Sunday, August 27, 2006

Spicy Peanut-Encrusted Catfish

from Christine Cooks



3 catfish fillets (I used barracuda)
1 c dry-roasted, salt-free peanuts, chopped fine
2 T blackening spice (see below)
2 T olive oil or peanut oil
1/2 c Eggbeaters or other egg substitute, or 2 eggs, lightly beaten

Pre-heat oven to 400 degrees and have a baking sheet ready. Blot fillets with paper towels until thoroughly dry. Set aside.With a chef's knife, chop the peanuts until they're in very fine pieces. You could use a small food processor but I like to chop such a small amount with my knife, avoiding the possibility of turning them into peanut butter. Combine the chopped peanuts and the blackening spice and place on a flat plate. Pour the eggs or egg substitute into a wide bowl. Heat a cast iron skillet to medium and add the oil. The oil should just shimmer in the pan, not smoke, or you could burn the peanuts (hmmm, how do I know that...?). Dip a fillet into the eggs to coat then into the peanut mixture, coating both sides and pressing lightly to make the peanut pieces adhere. Repeat with the remaining fillets. Place in the hot skillet and, keeping them from crowding each other, saute for about 5 minutes on one side then flip and saute the other side for another 5 minutes.
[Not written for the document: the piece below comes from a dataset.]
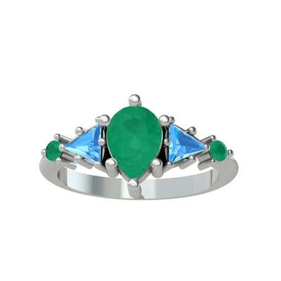 Kök zümrüt ve akuamarin 925 ayar gümüş yüzük
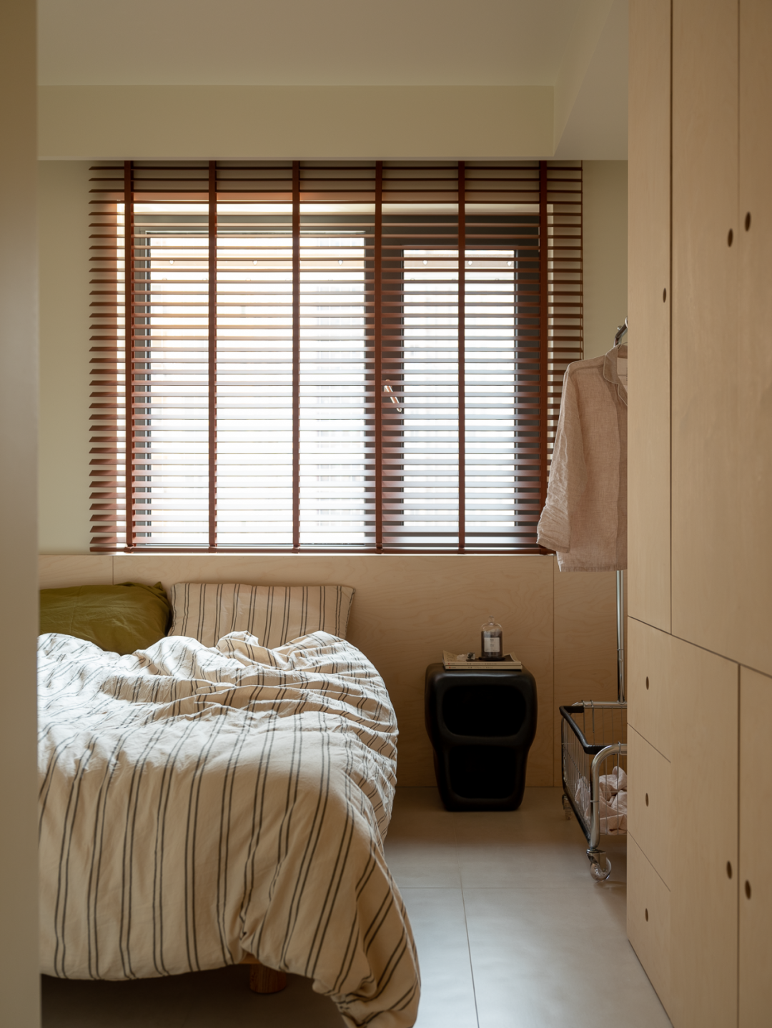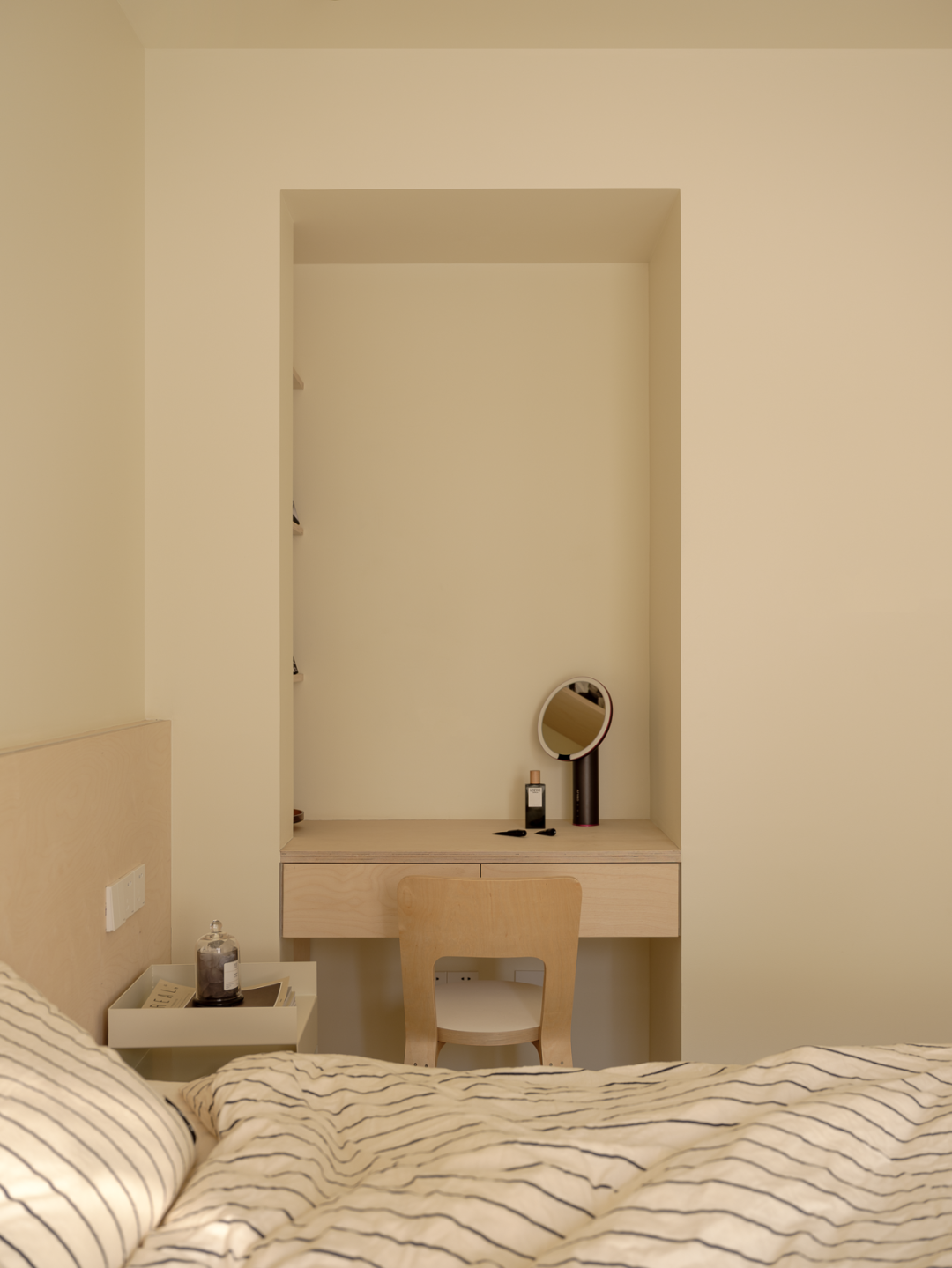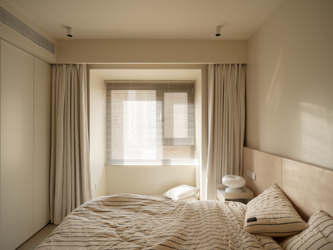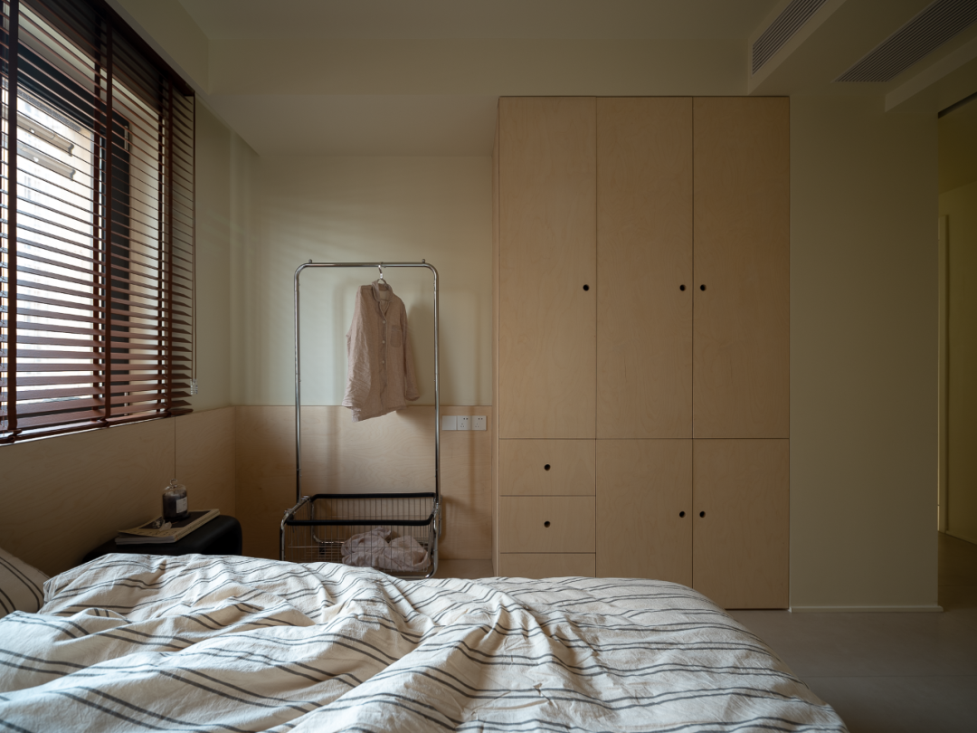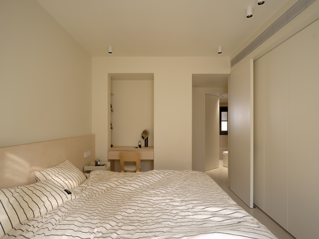 卧室除了满足睡眠区,收纳功能的以外,还增加了梳妆台的功能。床尾是一整面的收纳柜,奶白色的空间清爽明亮,小空间也能在保证功能的同时做到舒适温暖。

Remove fillets to a baking sheet and place in a 400 degree oven to finish - about 5 minutes more.

Blackening Spice
from Christine Cooks

5 T kosher salt
5 T paprika (I used sweet)
1 T dried thyme
1 T freshly ground black pepper
1 T garlic powder
1/2 t cayenne
1/2 t ground white pepper
Mix it all up and store in an airtight container.